Stefan li Rous stefan at texas.net
Tue May 8 22:50:01 PDT 2001


Ras replied with a variation of his oft repeated phrase:
> lilinah at earthlink.net writes:
> << Still i imagine that shipping and warehousing conditions were a bit
>  different in the Middle Ages than they are now.  >>
>
> Documentation?

We did discuss this a little a while back on this list. I think it was
Bear who cited some interesting info showing the price was higher for
spices transported by ship than by caravan, persumably because the
ship transported stuff was fresher.

I think I put most of those comments in this file in the PLANTS, HERBS
AND SPICES section of the Florilegium:
spices-msg       (126K)  3/23/01    Info. on spices, sources for spices.

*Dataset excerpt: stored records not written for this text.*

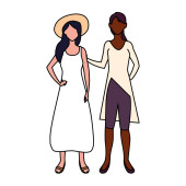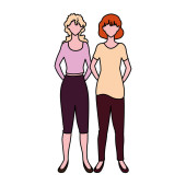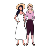 kobiety stojące z różnymi postaciami na białym tle
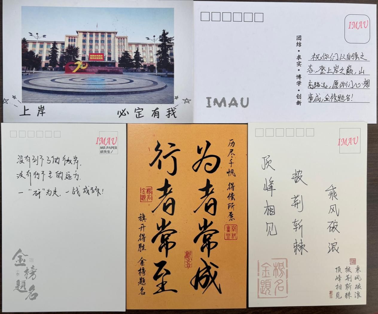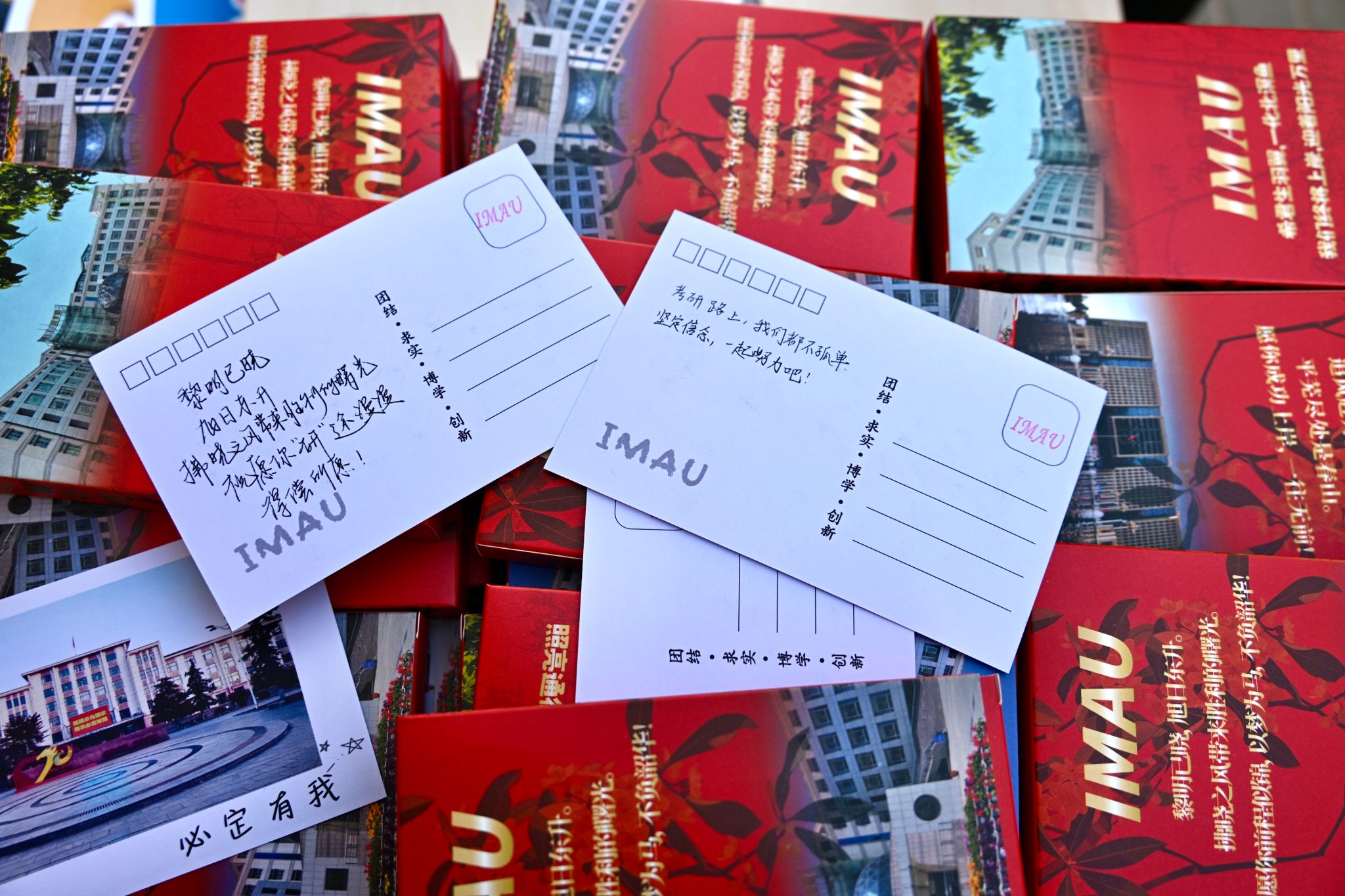 活动现场暖意融融、热闹非凡。学生工作部以创意“盲盒”为载体,将真挚祝福与贴心关怀打包送出,吸引了众多学子踊跃参与。备考学子们写下目标院校的名称,字里行间满是对未来的憧憬与执着;其他年级同学也纷纷驻足,在明信片上写下暖心寄语,为学长学姐送上最真挚的祝福与鼓励。一张张满载期许的明信片、一个个饱含心意的盲盒,串联起校园里守望相助的温情,成为寒冬中最动人的风景。
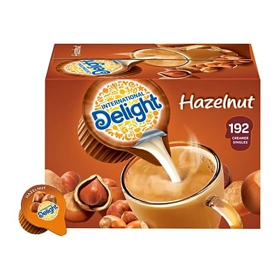 Make everyday coffee extra-flavorful with this non-dairy hazelnut creamer. It comes in a box of 192 individual portion control cups, allowing customers and employees precise preparation of single-serve coffee. This International Delight hazelnut liquid creamer doesn’t require refrigeration due to its special pasteurization process and packaging, so it’s convenient for bulk stocking in the workplace, hotel or cafe business.
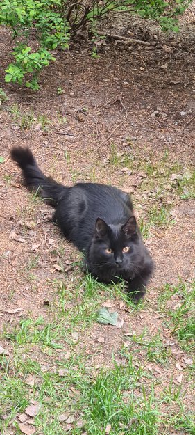 Det finnes en fin liten svar katt med myk hår, gule øyner og bustete hale som dukker opp i bakgården vår og foran The Italian Job pizza.
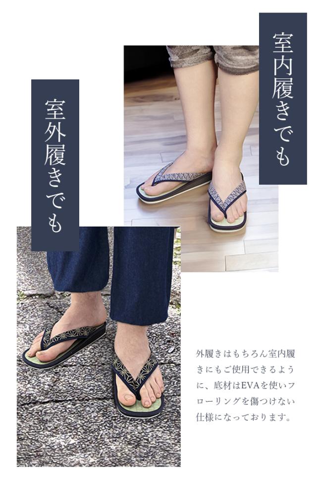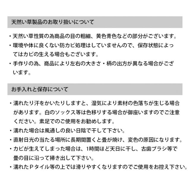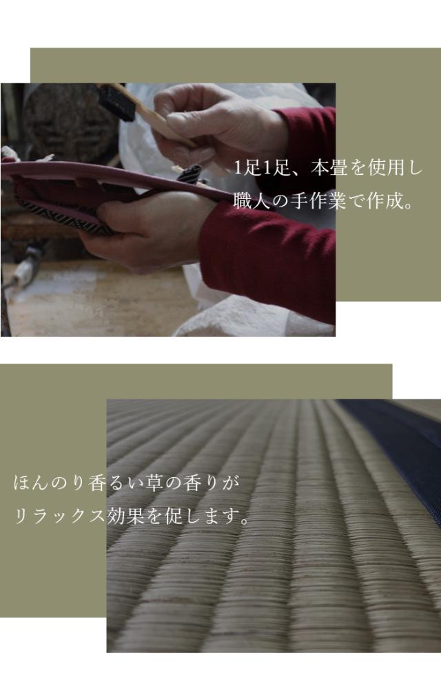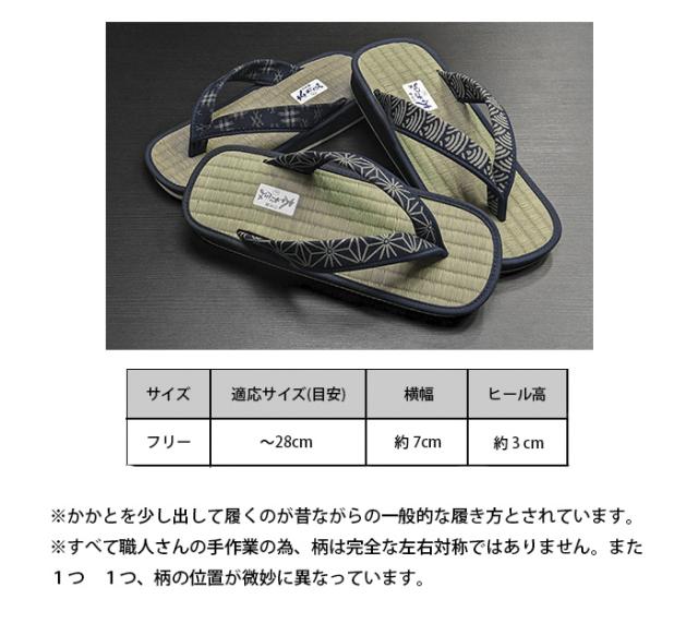 | 材質 | 鼻緒:綿・ナイロン 天板:国産い草・プレスボード 底材:EVA |
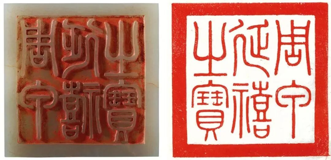 宝玺在现藏北京故宫的《嘉庆宝薮》(嘉庆御玺印谱)中有明确著录,经与实物比对,无论是体量大小,还是篆法布局都与该书中的记载完全相合。「周甲延禧之宝」及其组玺是嘉庆皇帝一生最后制作的几方宝玺之一。
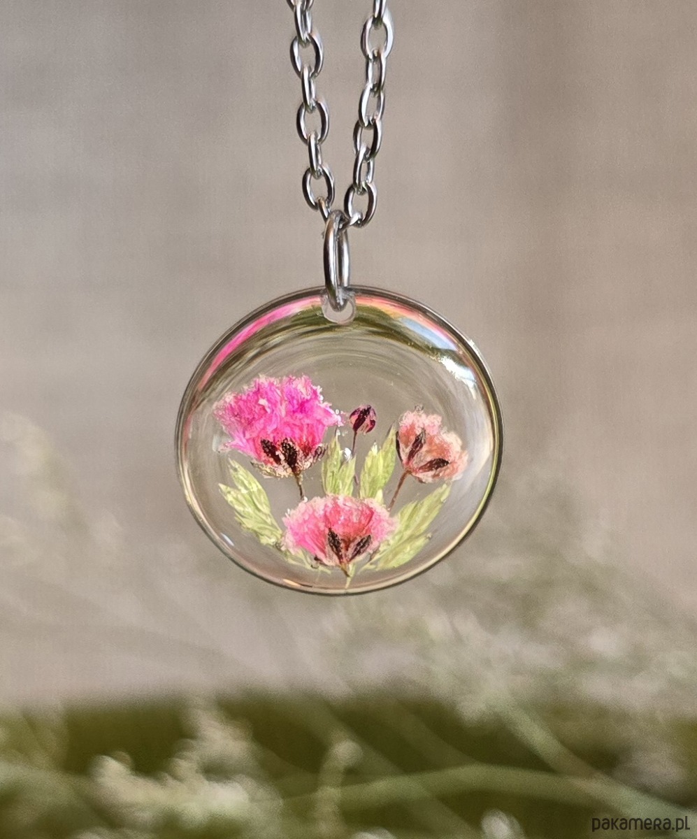 Oferuję Państwu unikalną biżuterię. Zawieszka jest wykonana z suszonych kwiatów i żywicy epoksydowej. Biżuteria jest wspaniałym i oryginalnym prezentem na lata.

I think some similar information my be in the commerce-msg file in the
COMMERCE section as well.

I've pasted one such message below.

I'd love to see more information, though.
--
THLord  Stefan li Rous    Barony of Bryn Gwlad    Kingdom of Ansteorra
Mark S. Harris             Austin, Texas         stefan at texas.net
**** See Stefan's Florilegium files at:  http://www.florilegium.org ****

> Date: Sun, 30 Apr 2000 20:05:32 -0500
> From: "Decker, Terry D." <TerryD at Health.State.OK.US>
> Subject: RE: SC - transporting ingredients
>
> If you look at the import duties of the Kingdom of Jerusalem, spices
> delivered by sea paid a higher duty than spice delivered by caravan.  This
> suggests that spices shipped by sea via India and the Red Sea were more
> potent and valuable than those brought overland.
>
> Spices shipped by sea would have been sealed in containers which would
> protect them from water.  This would also help protect them from the air.
>
> Bear
>
> > One thing you may have noticed:  when quatities of spices *are* mentioned
> > in period recipes, it looks like a ridiculously large amount.  It is.
> > Their spices weren't very potent. (this is corroborated by explorers'
> > surprise at the flavors when they reached the Spice Islands)  As a friend
> > once told me, "These things were put in hide bags and transported on the
> > back of an animal for months, then put on a leaky boat for more months.
> > Care to guess what happened to the essential oils?"
> >
> > If you want everything to taste good, worry less about how they
> > transported it and look instead at the physical conditions you have to
> > deal with--heat, humidity, wind, rain, marauding drunks.  Screw top jars
> > are fine and medieval people would have killed for them.  Come to think
> > of it, they'd kill for our quality of spices.